Stored dataset items:
::::
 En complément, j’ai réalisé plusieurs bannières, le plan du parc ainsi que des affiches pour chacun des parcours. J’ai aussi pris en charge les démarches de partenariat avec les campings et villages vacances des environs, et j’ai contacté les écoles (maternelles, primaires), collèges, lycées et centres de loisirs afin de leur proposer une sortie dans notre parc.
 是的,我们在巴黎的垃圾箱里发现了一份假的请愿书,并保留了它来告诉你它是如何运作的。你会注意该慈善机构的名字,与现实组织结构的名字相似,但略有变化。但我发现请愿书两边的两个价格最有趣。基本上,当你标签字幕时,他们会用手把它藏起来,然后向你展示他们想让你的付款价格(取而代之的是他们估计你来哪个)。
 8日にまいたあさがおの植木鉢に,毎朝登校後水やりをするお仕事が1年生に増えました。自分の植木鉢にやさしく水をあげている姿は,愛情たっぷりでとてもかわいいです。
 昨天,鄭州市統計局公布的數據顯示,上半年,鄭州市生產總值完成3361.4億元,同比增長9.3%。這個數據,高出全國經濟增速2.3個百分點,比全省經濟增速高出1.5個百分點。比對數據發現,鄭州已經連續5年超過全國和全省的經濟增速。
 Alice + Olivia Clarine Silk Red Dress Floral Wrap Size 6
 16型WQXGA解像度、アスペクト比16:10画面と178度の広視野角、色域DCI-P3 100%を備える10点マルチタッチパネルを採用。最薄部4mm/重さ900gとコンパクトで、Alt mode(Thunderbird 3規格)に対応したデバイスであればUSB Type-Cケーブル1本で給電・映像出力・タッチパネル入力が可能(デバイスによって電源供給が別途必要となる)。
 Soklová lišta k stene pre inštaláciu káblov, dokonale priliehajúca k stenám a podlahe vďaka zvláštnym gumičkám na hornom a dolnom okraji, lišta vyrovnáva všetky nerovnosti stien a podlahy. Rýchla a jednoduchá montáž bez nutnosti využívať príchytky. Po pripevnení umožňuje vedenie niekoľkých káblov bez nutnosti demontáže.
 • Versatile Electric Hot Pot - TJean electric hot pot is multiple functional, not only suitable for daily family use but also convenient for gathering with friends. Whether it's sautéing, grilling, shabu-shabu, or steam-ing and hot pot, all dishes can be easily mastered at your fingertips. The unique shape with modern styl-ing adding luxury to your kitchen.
::::
WORK INSTRUCTION:
I'd like an exact copy of the lines above, from the very first one through the line that contains "是的,我们在巴黎的垃圾箱里发", with nothing else added.

RESPONSE BOX:
 En complément, j’ai réalisé plusieurs bannières, le plan du parc ainsi que des affiches pour chacun des parcours. J’ai aussi pris en charge les démarches de partenariat avec les campings et villages vacances des environs, et j’ai contacté les écoles (maternelles, primaires), collèges, lycées et centres de loisirs afin de leur proposer une sortie dans notre parc.
 是的,我们在巴黎的垃圾箱里发现了一份假的请愿书,并保留了它来告诉你它是如何运作的。你会注意该慈善机构的名字,与现实组织结构的名字相似,但略有变化。但我发现请愿书两边的两个价格最有趣。基本上,当你标签字幕时,他们会用手把它藏起来,然后向你展示他们想让你的付款价格(取而代之的是他们估计你来哪个)。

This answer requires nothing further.